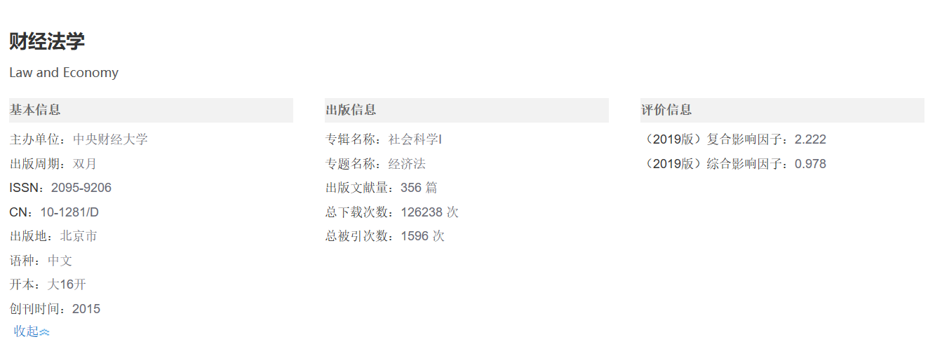 据悉,在2019年10月中国知网进行的期刊影响因子评价中,《财经法学》2019年复合影响因子为2.222,综合影响因子为0.978,与2018年复合影响因子1.638、综合影响因子0.723相比有大幅度提升。
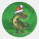 Sticker Rond TRex à Santa Hat sur Green
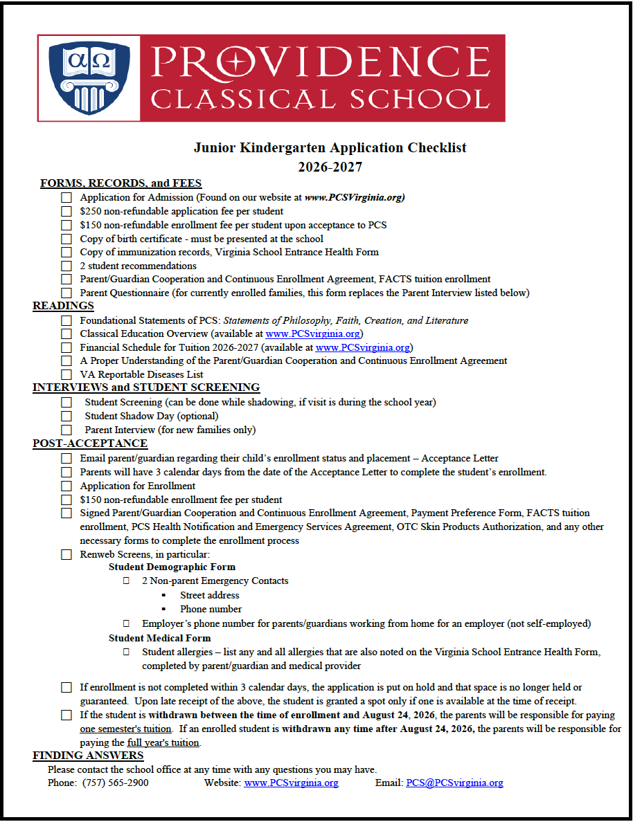 Junior Kindergarten Checklist

= Instructions to follow =
Reproduce the entire listing exactly, except for any pictures it contains.

= Answer space =
 据悉,在2019年10月中国知网进行的期刊影响因子评价中,《财经法学》2019年复合影响因子为2.222,综合影响因子为0.978,与2018年复合影响因子1.638、综合影响因子0.723相比有大幅度提升。
 Sticker Rond TRex à Santa Hat sur Green
 Junior Kindergarten Checklist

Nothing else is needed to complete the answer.